Она положила ему на голову свою морщинистую, старую руку. У нее у самой закапали слезы.

— Молчи, дурачок, не плачь! — шептала она. — Все Бог, все Бог! Чего тебе плакать — перемелется… несчастье-то было давно и давно его нет больше, только вон оно — со стены смотрит!..

Между тем эти прорвавшиеся нервные рыдания облегчили Михаила Ивановича. Он поднялся, проговорил: «Простите» и, ни на кого не глядя, уже хотел выйти из комнаты. Но тут Борис Сергеевич заступил ему дорогу.

— Я не могу так отпустить вас! — сказал он ему своим тихим, проникающим в душу голосом и крепко взял его за обе руки. — Я без вины виноват в горе, которое причинено вам сегодня… Да нет, все это не то… и к чему эти фразы!.. Смотри на меня… смотри…

Михаил Иванович невольно поднял глаза, встретил ясный взгляд старика и расслышал его шепот:

— Ведь я не чужой, и ты не захочешь, чтобы я был чужим тебе, ты вернешься ко мне, успокоившись?

В этих словах было что-то властное, что-то магнетическое. Михаил Иванович невольным порывом приблизился к Горбатову, и они обнялись.

И выходил Бородин из этого дома, несмотря на весь свой туман, несмотря на тоску, все же с сознанием чего-то доброго и хорошего, что смягчало боль его измученного сердца.

XII. КРОВЬ

В то время как перед портретом Владимира Горбатова происходила тяжелая сцена, необдуманно устроенная Кондратом Кузьмичем Прыгуновым, в доме Бородиных чувствовалась большая тревога.

Вот уже три дня как мирная жизнь стариков Бородиных была нарушена.

Иван Федорович, теперь уже превратившийся совсем в старика, но все еще бодрый и живой, несколько лет тому назад покинув гимназическую службу, исключительно предался своей страсти — огородничеству и садоводству.
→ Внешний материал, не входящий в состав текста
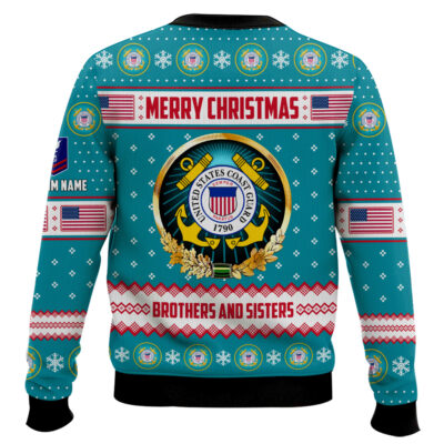 Hooktab US Coast Guard Merry Christmas Brothers And Sisters – Custom Name And Rank Ugly Sweater
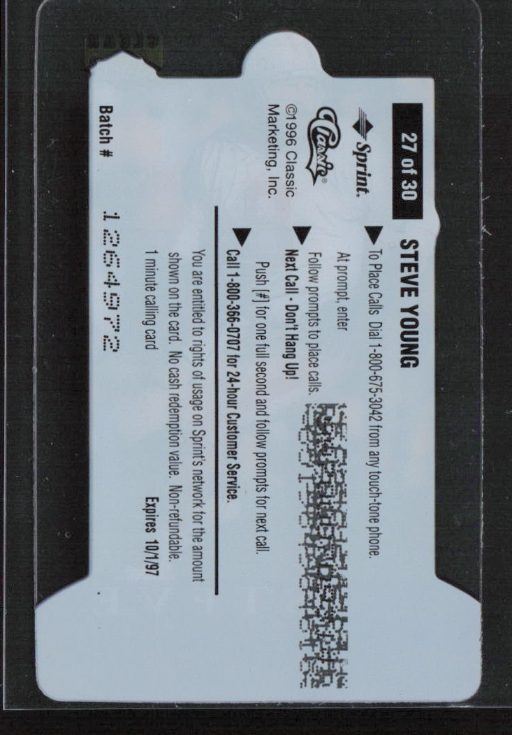 1996 Classic Clear Assets #27 Steve Young Phone Cards $1

Он все дни, особенно весною, летом и в начале осени, проводил в своем саду и тепличках, выращивая удивительные цветы и тыквы всевозможных форм и величин. Эти цветы и тыквы были теперь его наилучшими друзьями и излюбленными детищами. Он следил за их ростом, лелеял их и даже беседовал с ними, так что Марья Семеновна не раз упрекала его, что он любит их больше, чем своих домашних.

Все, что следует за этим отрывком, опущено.